Domingo de Lucía
El Anexo. Caracas
The story of carmine red is associated to sex, violence and political struggles. Also to war and drama. The humble cochineal (Dactylopius coccus) that produces it was always alien to the passions it generated. In the 16th century, the Spanish Conquistadores took this pigment of Mexican origin to Europe, where it became the symbol of kings, popes and power.
Domingo de Lucía (Italy, 1950) is an artist, but he also produces industrial elements for artistic painting. For this reason, he has studied the different color states, especially that of carmine red. The point of departure for his research hes been the so-called “standard red”, known by the abbreviation Std which gives origin to the title of the exhibition. He observed that as a result of the disintegration of external elements related to pollutants color gradually becomes degraded and eventually disappears. The action of bacteria certainly “eliminates” the colorant.

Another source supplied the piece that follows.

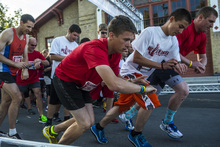 Zombies Tyler Lloyd, of South Jordan, and Cameron Romine, of Eagle Mountain, run during th

Based on this investigation, which also determines textures, covering capacity, resistance and color gradations, De Lucía has chosen carmine red to insert it in the current Venezuelan political scenario, since politics can appropriate a color and it can also degrade it. This is no longer about a color tone but about an attitude. A way of assuming color. It is thus that, independently of the tests and requisites of quality controls, for some red is translated ultimately into “acceptable or not acceptable”. There are color psychograms that may determine the fascination or fixation that a color can generate in the individual. Obviously, red is the most controversial. And it is this sensory aspect of color that Domingo de Lucía develops in a series of grid matrixes that rationalize the perceptive experience and exalt the uniformity of color. It is no longer a question of acceptable quality patterns, but of individual perceptions. Thus the acceptance or rejection of the presence of red by the mass- es is a consequence of the political use of color.